No tax increases were needed to provide all day kindergarten in Virginia Beach. Here’s why

The School Board voted 8-1 to use reversion funding for implementing full-day kindergarten. (Southside Daily/Courtesy of Pixabay)
The School Board voted 8-1 to use reversion funding for implementing full-day kindergarten. (Southside Daily/Courtesy of Pixabay)

VIRGINIA BEACH — The School Board recently passed a motion (8-1) to use $4.9 million of reversion funds to provide all day kindergarten.

Use of reversion funds for ongoing projects and purchases is rare, in fact it hasn’t happened since the recession hit in 2008, said School Board Chief Financial Officer Farrell Hanzaker.

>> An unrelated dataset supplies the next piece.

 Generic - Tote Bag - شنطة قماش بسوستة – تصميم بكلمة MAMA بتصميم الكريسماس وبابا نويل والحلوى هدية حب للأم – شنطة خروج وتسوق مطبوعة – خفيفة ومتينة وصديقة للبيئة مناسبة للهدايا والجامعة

Traditionally reversion funding is used for replacing school buses, classroom equipment, roof repairs and so on, he said.

Reversion funding is a separate fund of money that is comprised of funding unspent at the end of every fiscal year in addition to leftover funding from state, federal and city revenues, Hanzaker said.

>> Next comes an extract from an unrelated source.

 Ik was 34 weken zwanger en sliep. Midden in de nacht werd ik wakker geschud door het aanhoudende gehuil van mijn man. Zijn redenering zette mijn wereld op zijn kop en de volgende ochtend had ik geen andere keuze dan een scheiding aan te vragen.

That money is collected at the end of the year and placed in a special fund to be set aside for extra costs outside of the yearly operating budget, and a small portion of the reversion funding is then put in a special school reserve fund for further emergency funding, he said.

The primary goal of that money is to be used for emergency, one-time purchases and City Council has authority over when and how the School Board can use it, he added.

It was by City Council’s recommendation the School Board use reversion funding rather than request a tax increase to get full-day kindergarten funding, Hanzaker said.

RELATED STORY: Virginia Beach Schools will ask the city for money, and it might mean a tax increase

“It was unusual,” he said, noting City Council did make it clear this was to be a one time event.

“We’re making an exception,” is what Hanzaker said they were told.

He believes flooding took precedence in City Council’s mind when it came time to decide how they were going to balance the yearly budget.

Another hurdle the School Board had to consider was the possibility of running out of reversion funding given reversion funding isn’t finalized until October of the next fiscal year, Hanzaker said.

He was assured by City Council if that happened, they would be able to request to use money from the special school reserve fund.

Hanzaker isn’t too concerned about not having enough money to cover the expense of implementing full-day kindergarten, however.

To sum things up, full-day kindergarten will be available at 52 of the 55 elementary schools for the 2019-2020 school year, said Natalie Allen, VBCPS spokeswoman.

Three of the schools are currently undergoing construction and will get the full-day kindergarten program for the 2020-2021 school year, she said.

There will be no tax increase for the public to fund that program, she and Hanzaker assured.

Next up on the list of concerns the School Board would like to tackle is: teacher compensation.